Hawke sighed. “All right, prof. I think you’d better walk us through these symbols in a little more detail.”

“It’s very straight-forward — these smaller pictograms here say Follow the Sun, Cross and Sacred Stone and The Tomb of Pachacuti will illuminate the Path to Paititi.

“That’s pretty unambiguous, I admit,” Hawke said.

“To me,” Balta continued, “this says quite clearly that the road to Paititi will start in the tomb of Pachacuti.”

Lea spoke next. “So the next question is obviously who’s that and where’s his body?”

Balta looked at her and shook his head with confusion. “Pachacuti, or in full, Pachacuti Inca Yupanqui was the ninth Sapa Inca.”

“Oh,” Scarlet said. “That clears it up then.”

“Like a king or something?” Lea asked.

“In a way, yes, but more than that. The Sapa Inca was also known as the Apu, which is loosely translated as the Divinity. Pachacuti was the ninth such man, and most archaeologists today believe it was he who ordered the construction of Machu Picchu as his royal estate.”

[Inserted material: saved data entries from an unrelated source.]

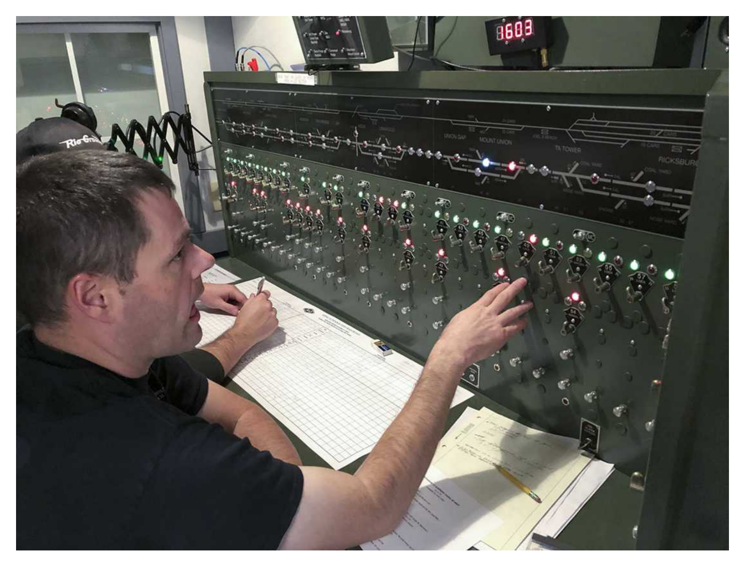
Meanwhile Cody waited for the DS to let him back on the mainline after switching interchange cars in Mount Union.
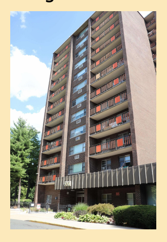
510 E. Front Street, Plainfield, NJ 07060
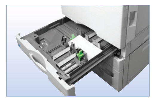
Feeds up to 50 envelopes from the standard paper tray.
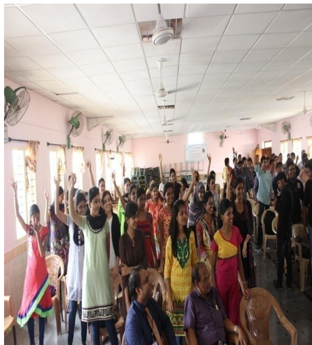
Ice Breaking Session
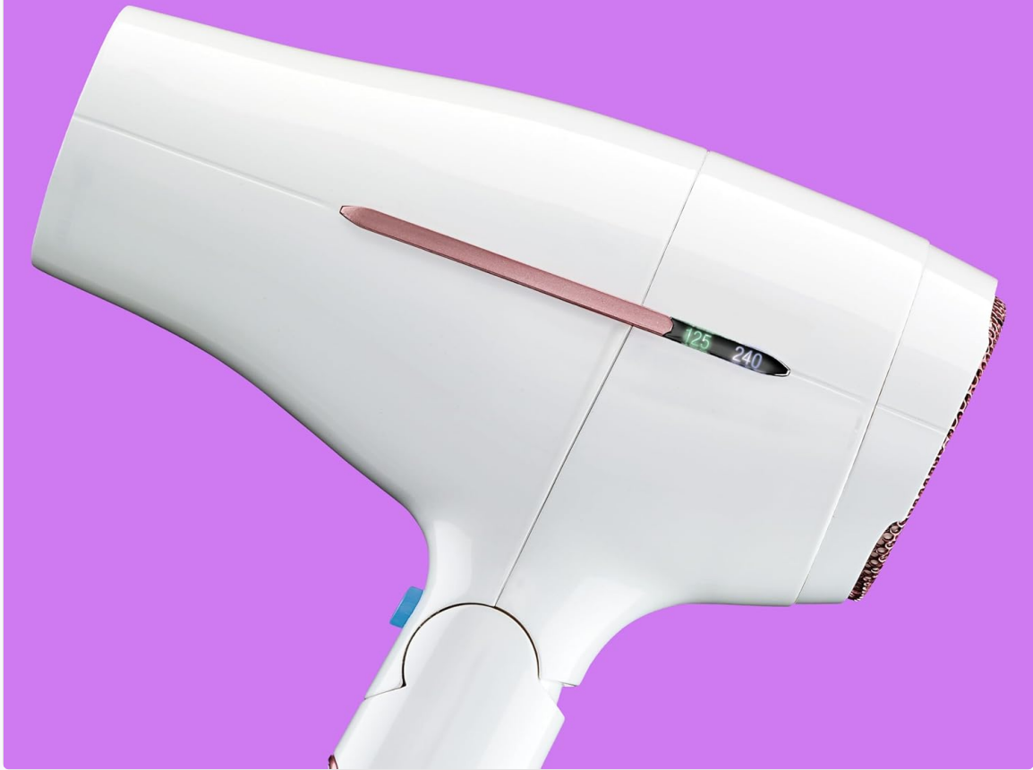
Figure 5: Smart Voltage Technology adapts globally with full power.

Smart Voltage adapts globally with full power.

“Machu Picchu?” Hawke said.

“Yes, the famous Inca citadel in the Urubamba mountains.”

“And is his tomb there?”

Balta looked confused and shook his head. “There have always been differing accounts about the location of Pachacuti’s final resting place, but recently discovered documents from the Sixteenth Century suggest he was buried in Toqocachi, which was the Imperial City of the Incas in present-day San Blas.”

“So what you’re saying is we don’t know where his tomb is?”

“Yes, up until today, but now this sketch might have changed all that.”

“I admit it’s pretty interesting,” Scarlet said. “For once.”

“If you think this is interesting now, wait until I tell you about this symbol here.” As he spoke he indicated the penultimate symbol — a small stepped cross with twelve points around on its outer edge and a circle in the center.

“A weird cross thing with scratches in the middle of it?” Lea said.

Balta looked up at her. “It’s not a weird cross, but a chakana, or the Andean cross. It represents a simplified compass, and the scratches are not scratches, my dear.”

“Then what are they?”

“They are a rendering of what the Inca called talking knots, or quipus.”

“Come again, doc,” Scarlet said.

He looked at her, confused.

Lea rolled her eyes. “She means please explain further, Professor Balta.”

“Ah…”

“I read about those once,” Lexi said. “Aren’t they the Inca system of measuring distances and time and whatever?”

“The term you’re struggling to find is Inca metronomy,” Ryan said.

“The man is right,” Balta said.

“And what do these quipus tell us, professor?” Lea asked.

“The markings are for Fifty Tupus, and then Fifty Rikras.”

“What’s fifty tupus?” Hawke asked.

“A hell of a lot messier than twenty-two poos, I’d think,” Scarlet said.

“Give it a rest, Cairo,” Lea said. “We’re trying to do serious business.”

Scarlet grinned at her. “Fifty Tupus sounds like serious business to me.”

“The tupu,” Balta continued with an admonishing glance at Scarlet, “is an Incan unit of distance, measuring about six kilometers. I think we’re being told to follow the sun and cross if we want to find Pachacuti’s tomb, and from there he will lead us to the Lost City of Paititi.”

“At this Toqocachi place?” Lea asked.

“Maybe,” Balta said. “We’ll need to get a map.”

Hawke turned to face Balta. “I’m concerned the people who stole the mask may come for you next, professor, so we need to hurry. Get Google Earth fired up, Lea.”

“Wait.”

It was Reaper’s voice. He was still watching out the window but now he was pulling his gun from his belt. “I think maybe a little trouble is coming our way.”